Your task is to restate every entry below word for word and omit the images.
● ● ● ●
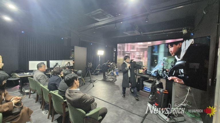 먼저 1부 ‘버추얼프로덕션 기술시연회’는 진흥원 IT벤처센터 2층 교육용 버추얼스튜디오 ‘엣지스테이지’에서 진행됐으며, 국내 대표 VFX 기업인 ㈜웨스트월드가 참여해 △LED 월 기반 버추얼스튜디오 △실시간 렌더링 △카메라 트래킹 △가상환경 합성 등 버추얼프로덕션 핵심 기술을 실제 제작 환경과 동일한 조건에서 시연했다.
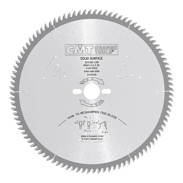 CMT Industrial Solid Surface Saw Blade 300mm dia x 3.2 kerf x 30 bore Z84 MTCG
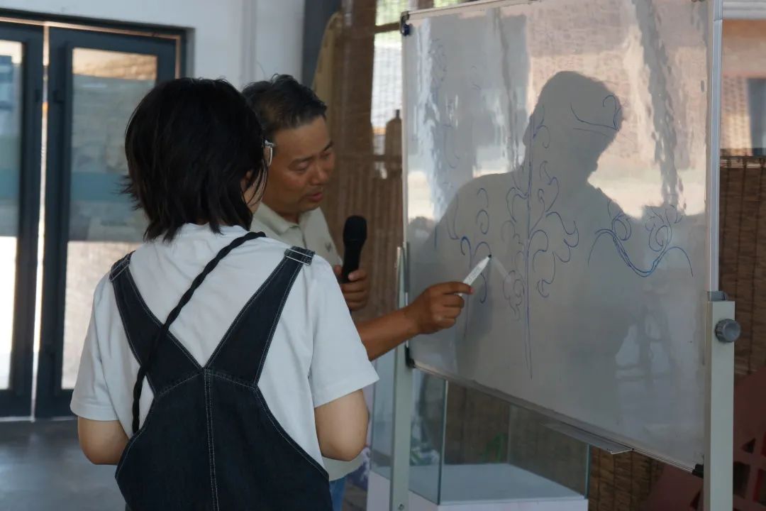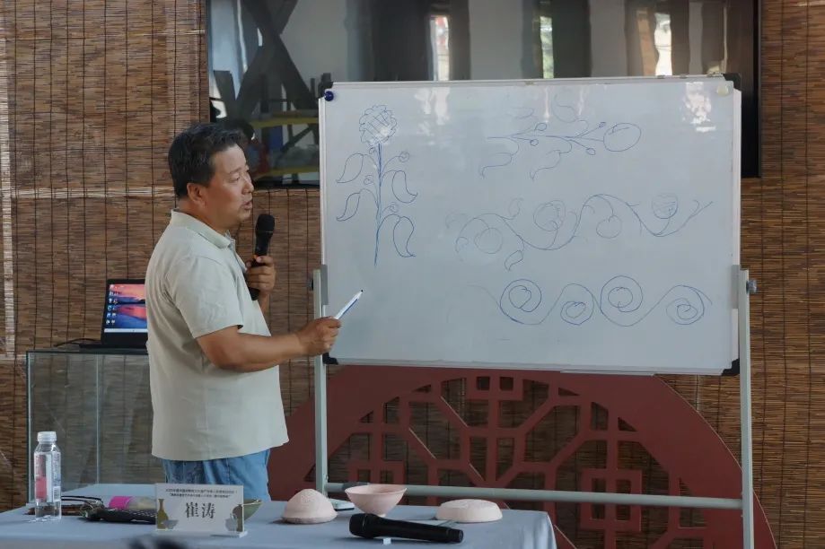 此外,课程现场崔涛老师以折枝牡丹为范例,在白板上细致绘制纹样,拆解从自然生长形态到装饰图案的转化逻辑:如何提炼花瓣的舒展弧度、如何通过线条疏密强化韵律感,让学员清晰掌握传统纹样的设计方法论。面对学员们关于工艺难点、纹样创新的提问,他结合自身数十年实践经验耐心答疑,从刻刀角度到釉料配比,深入浅出的讲解让抽象技艺变得可知可感。
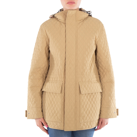 Burberry Ladies Outerwear. Fashion category: Coats & Jackets. SKU: 8093877. Color: Flax. Burberry Check Pattern Quilted Hooded Jacket. This quilted jacket features a vintage check pattern, a detachable hood, long sleeves with press-stud fastening cuffs, front flap pockets, a drawstring waist, a straight hem, and a concealed front zip fastening with press-stud closures. 100% Polyamide, 100% Polyester. Made in Italy.
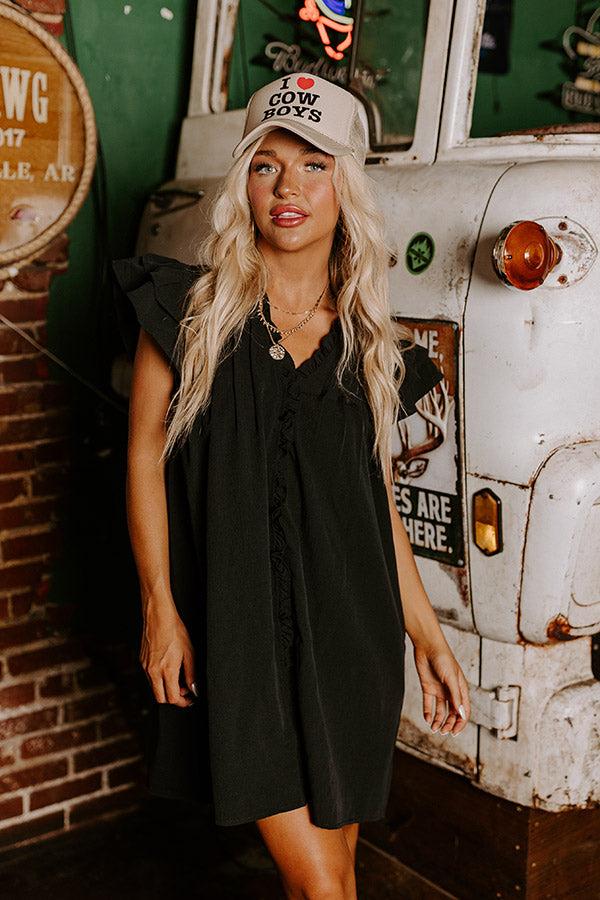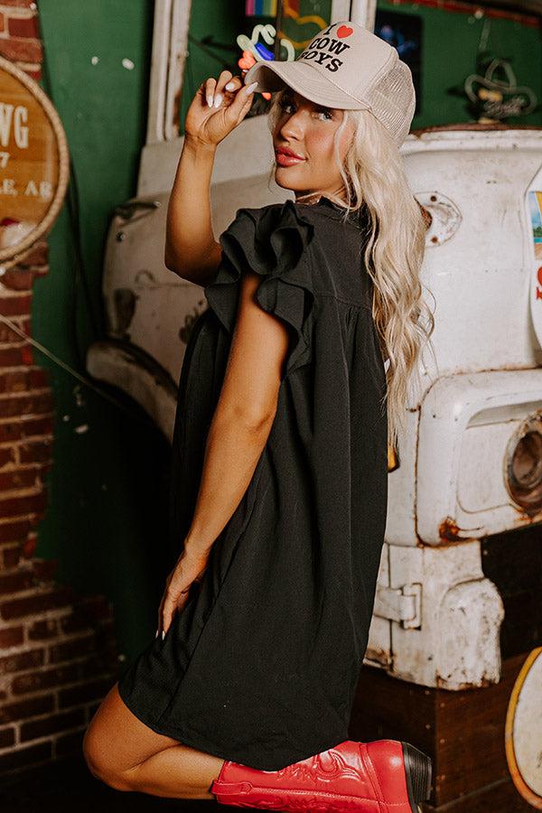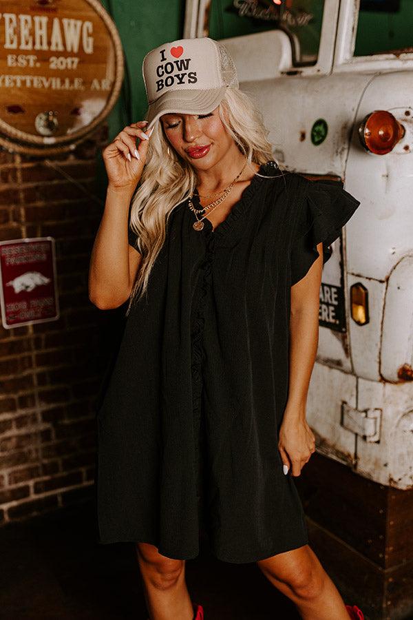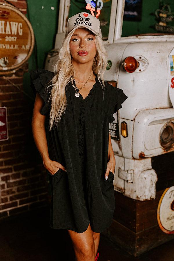 - This cutie has the stylish versatility to be dressed up or down! - Lightweight material with a built-in lining - A ruffled v-cut neckline - Hidden button-up closure in the front - A pleated bodice - Short ruffle sleeves - Hidden side pockets - A relaxed shift dress silhouette that ends in a mid-thigh length hemline
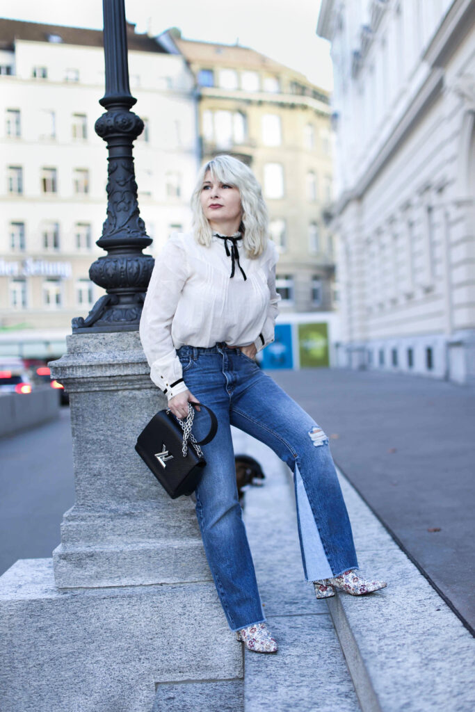 Es passiert mir selten, dass ich mir bei einem Outfit nicht sicher bin, welches Teil der Keypiece ist. Meine Looks kreiere ich erst nach dem ich den Hauptteil bestimme und die restlichen Klamotten passe ich entsprechend den Trend und den gegebenen Stil an. In diesem Fall sollte der Keypiece die weisse Bluse sein, aber ich finde, dass die Jeans und Booties genau so viel Aufmerksamkeit verdienen.
● ● ● ●
EXERCISE RESULT ->
 먼저 1부 ‘버추얼프로덕션 기술시연회’는 진흥원 IT벤처센터 2층 교육용 버추얼스튜디오 ‘엣지스테이지’에서 진행됐으며, 국내 대표 VFX 기업인 ㈜웨스트월드가 참여해 △LED 월 기반 버추얼스튜디오 △실시간 렌더링 △카메라 트래킹 △가상환경 합성 등 버추얼프로덕션 핵심 기술을 실제 제작 환경과 동일한 조건에서 시연했다.
 CMT Industrial Solid Surface Saw Blade 300mm dia x 3.2 kerf x 30 bore Z84 MTCG
 此外,课程现场崔涛老师以折枝牡丹为范例,在白板上细致绘制纹样,拆解从自然生长形态到装饰图案的转化逻辑:如何提炼花瓣的舒展弧度、如何通过线条疏密强化韵律感,让学员清晰掌握传统纹样的设计方法论。面对学员们关于工艺难点、纹样创新的提问,他结合自身数十年实践经验耐心答疑,从刻刀角度到釉料配比,深入浅出的讲解让抽象技艺变得可知可感。
 Burberry Ladies Outerwear. Fashion category: Coats & Jackets. SKU: 8093877. Color: Flax. Burberry Check Pattern Quilted Hooded Jacket. This quilted jacket features a vintage check pattern, a detachable hood, long sleeves with press-stud fastening cuffs, front flap pockets, a drawstring waist, a straight hem, and a concealed front zip fastening with press-stud closures. 100% Polyamide, 100% Polyester. Made in Italy.
 - This cutie has the stylish versatility to be dressed up or down! - Lightweight material with a built-in lining - A ruffled v-cut neckline - Hidden button-up closure in the front - A pleated bodice - Short ruffle sleeves - Hidden side pockets - A relaxed shift dress silhouette that ends in a mid-thigh length hemline
 Es passiert mir selten, dass ich mir bei einem Outfit nicht sicher bin, welches Teil der Keypiece ist. Meine Looks kreiere ich erst nach dem ich den Hauptteil bestimme und die restlichen Klamotten passe ich entsprechend den Trend und den gegebenen Stil an. In diesem Fall sollte der Keypiece die weisse Bluse sein, aber ich finde, dass die Jeans und Booties genau so viel Aufmerksamkeit verdienen.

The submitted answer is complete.